Goal of the exercise: Retype the lines below exactly, from the one that contains "Die neue, moderne" through the last, and leave every picture out.

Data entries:
+ + + +
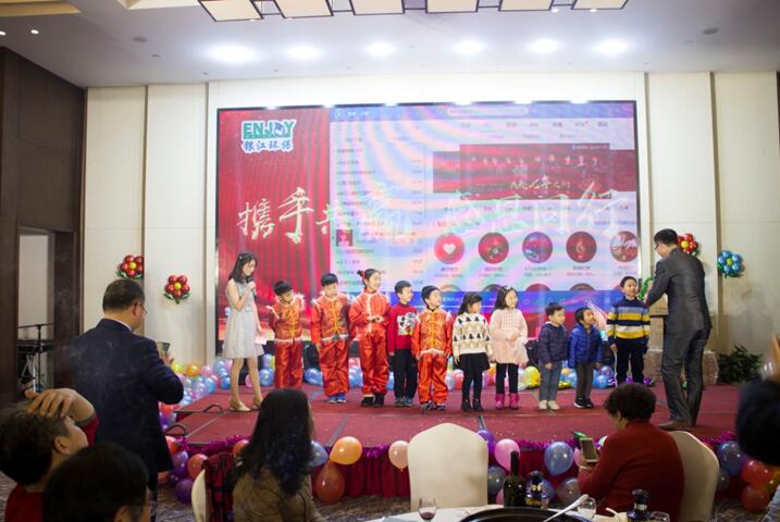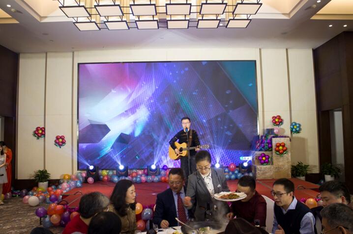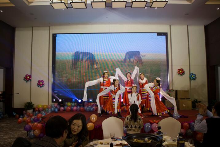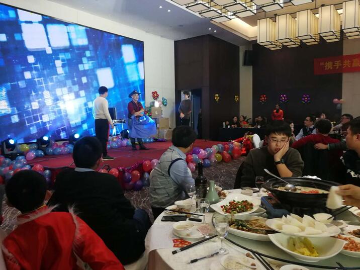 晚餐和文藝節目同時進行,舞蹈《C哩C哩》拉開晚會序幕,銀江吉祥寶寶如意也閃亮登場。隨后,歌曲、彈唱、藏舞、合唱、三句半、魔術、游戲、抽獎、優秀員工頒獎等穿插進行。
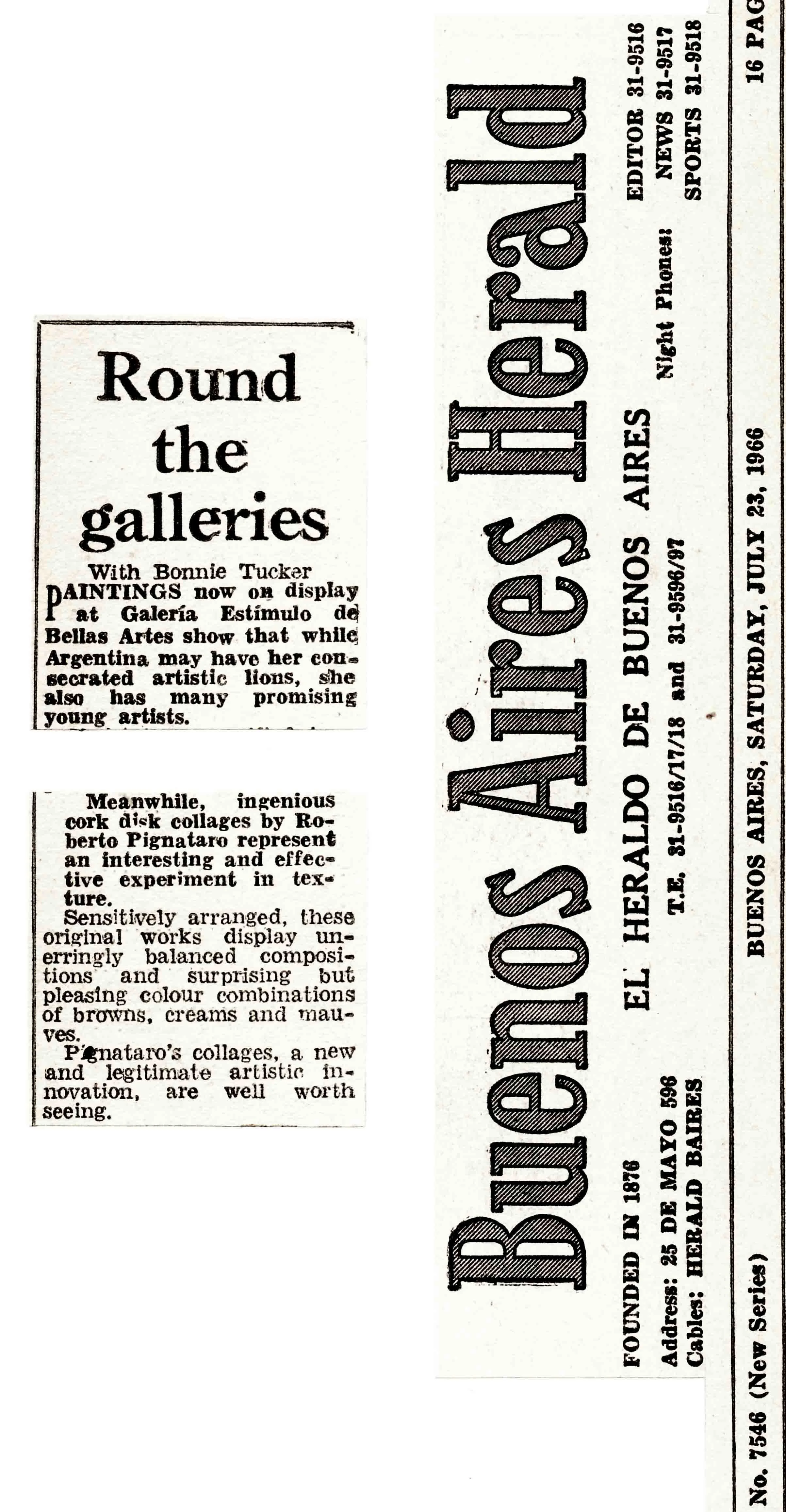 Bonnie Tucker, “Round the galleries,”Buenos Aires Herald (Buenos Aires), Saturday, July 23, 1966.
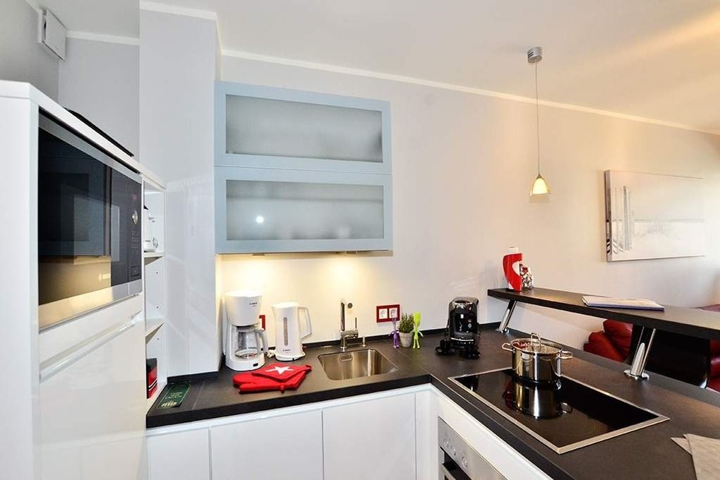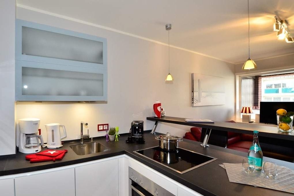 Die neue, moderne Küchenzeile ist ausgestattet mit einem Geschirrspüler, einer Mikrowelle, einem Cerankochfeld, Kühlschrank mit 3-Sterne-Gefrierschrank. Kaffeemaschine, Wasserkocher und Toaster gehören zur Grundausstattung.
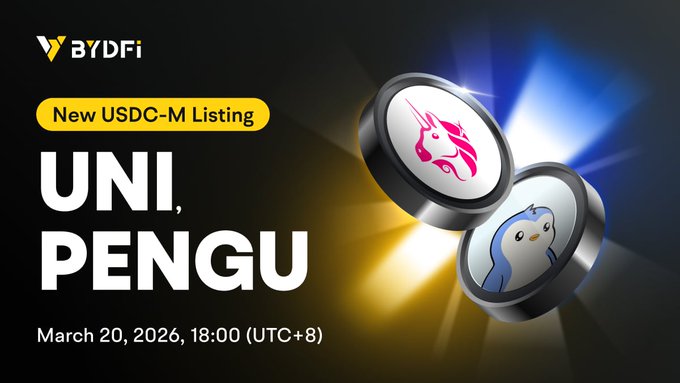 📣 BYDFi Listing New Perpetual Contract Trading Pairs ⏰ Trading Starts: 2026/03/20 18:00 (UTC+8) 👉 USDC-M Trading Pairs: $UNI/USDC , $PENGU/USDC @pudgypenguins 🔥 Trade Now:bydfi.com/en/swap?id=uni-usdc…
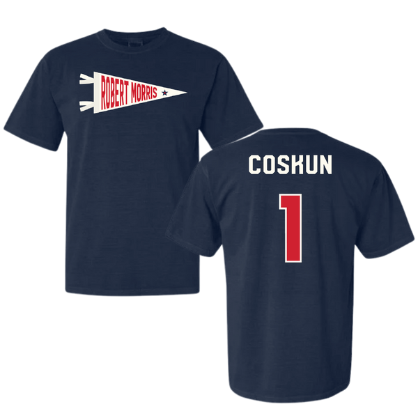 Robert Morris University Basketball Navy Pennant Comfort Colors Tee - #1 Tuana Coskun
+ + + +
Exercise output:
 Die neue, moderne Küchenzeile ist ausgestattet mit einem Geschirrspüler, einer Mikrowelle, einem Cerankochfeld, Kühlschrank mit 3-Sterne-Gefrierschrank. Kaffeemaschine, Wasserkocher und Toaster gehören zur Grundausstattung.
 📣 BYDFi Listing New Perpetual Contract Trading Pairs ⏰ Trading Starts: 2026/03/20 18:00 (UTC+8) 👉 USDC-M Trading Pairs: $UNI/USDC , $PENGU/USDC @pudgypenguins 🔥 Trade Now:bydfi.com/en/swap?id=uni-usdc…
 Robert Morris University Basketball Navy Pennant Comfort Colors Tee - #1 Tuana Coskun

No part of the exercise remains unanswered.